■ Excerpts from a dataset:
========================================

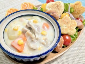 ハートの形で型抜きした、にんじんと黄パプリカで彩りましたよ
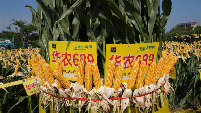 據了解,華農689于2022年通過京津冀和黃淮海雙生態區審定。黃淮海區域2019年區域試驗初試平均畝產741千克,比對照增產9.5%;2020年區域試驗復試平均畝產732千克,比對照增產10.9%;兩年區域試驗平均畝產736千克,比對照增產10.2%;2020年生產試驗平均畝產699千克,比對照增產10.0%,抗性好,中抗小斑病,抗南方銹病;棒穗均勻品質優,籽粒容重785克/升, 粗淀粉含量73.34%, 粗蛋白含量10.30%, 粗脂肪含量4.23%,賴氨酸含量0.27%。
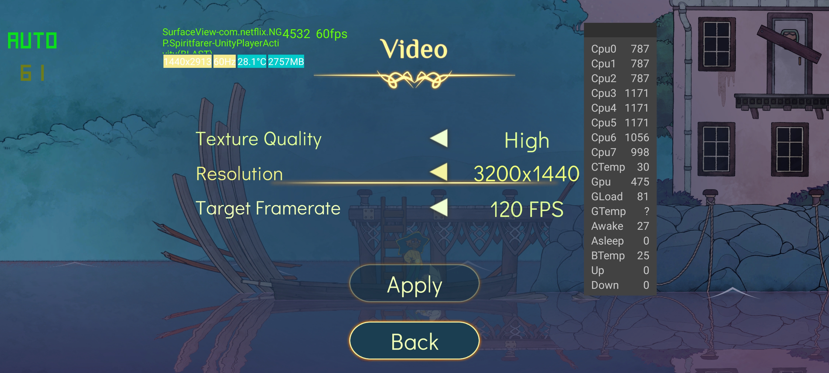 Ακόμα και έτσι, κανένα παιχνίδι δε γύρισε στα 120fps, με την οθόνη να παραμένει στα 60Hz κάτι που επιβεβαιώσαμε με διάφορους τρόπους, είτε με τον ingame counter του Titan Quest είτε με τα power tools που μπορούμε να τρέξουμε μέσω των developer settings. Είναι πραγματικά κρίμα και ελπίζουμε να αλλάξει αυτή η κατάσταση σε κάποιο μελλοντικό update, γιατί το τηλέφωνο μπορεί να παίξει άνετα τα πάντα και θα θέλαμε να παίξουμε πχ το Spiritfarer στα 120fps στη native ανάλυση της οθόνης, καθώς το game προσφέρει τις απαραίτητες ρυθμίσεις για κάτι τέτοιο
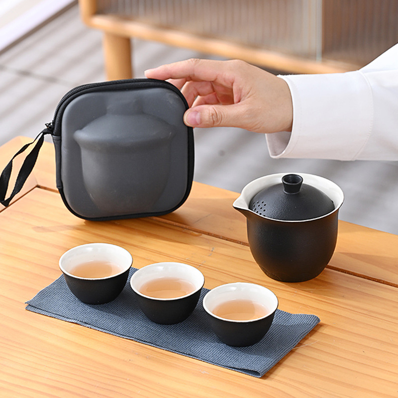 ガラス快客杯旅行茶器プレゼント携帯用専用バッグセット屋外工夫茶杯ティーポット
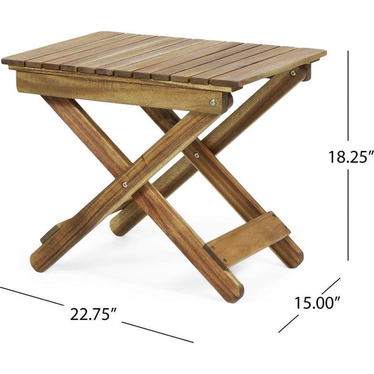 Outdoor Folding Wooden Side Table, Natural, 15"D x 22.75"W x 18.25"H
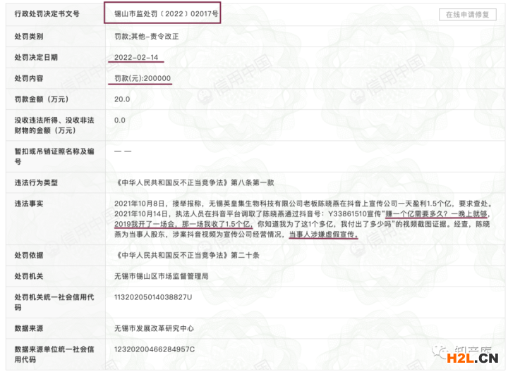 2021年10月8日,無錫市錫山區(qū)市場(chǎng)監(jiān)管局接舉報(bào)稱,無錫英皇集公司老板陳某在抖音上宣傳公司一天盈利1.5個(gè)億,要求查處。

========================================

■ Problem description:
Write the records out once more, exactly as they appear, with no pictures.

■ Result of the task:
 ハートの形で型抜きした、にんじんと黄パプリカで彩りましたよ
 據了解,華農689于2022年通過京津冀和黃淮海雙生態區審定。黃淮海區域2019年區域試驗初試平均畝產741千克,比對照增產9.5%;2020年區域試驗復試平均畝產732千克,比對照增產10.9%;兩年區域試驗平均畝產736千克,比對照增產10.2%;2020年生產試驗平均畝產699千克,比對照增產10.0%,抗性好,中抗小斑病,抗南方銹病;棒穗均勻品質優,籽粒容重785克/升, 粗淀粉含量73.34%, 粗蛋白含量10.30%, 粗脂肪含量4.23%,賴氨酸含量0.27%。
 Ακόμα και έτσι, κανένα παιχνίδι δε γύρισε στα 120fps, με την οθόνη να παραμένει στα 60Hz κάτι που επιβεβαιώσαμε με διάφορους τρόπους, είτε με τον ingame counter του Titan Quest είτε με τα power tools που μπορούμε να τρέξουμε μέσω των developer settings. Είναι πραγματικά κρίμα και ελπίζουμε να αλλάξει αυτή η κατάσταση σε κάποιο μελλοντικό update, γιατί το τηλέφωνο μπορεί να παίξει άνετα τα πάντα και θα θέλαμε να παίξουμε πχ το Spiritfarer στα 120fps στη native ανάλυση της οθόνης, καθώς το game προσφέρει τις απαραίτητες ρυθμίσεις για κάτι τέτοιο
 ガラス快客杯旅行茶器プレゼント携帯用専用バッグセット屋外工夫茶杯ティーポット
 Outdoor Folding Wooden Side Table, Natural, 15"D x 22.75"W x 18.25"H
 2021年10月8日,無錫市錫山區(qū)市場(chǎng)監(jiān)管局接舉報(bào)稱,無錫英皇集公司老板陳某在抖音上宣傳公司一天盈利1.5個(gè)億,要求查處。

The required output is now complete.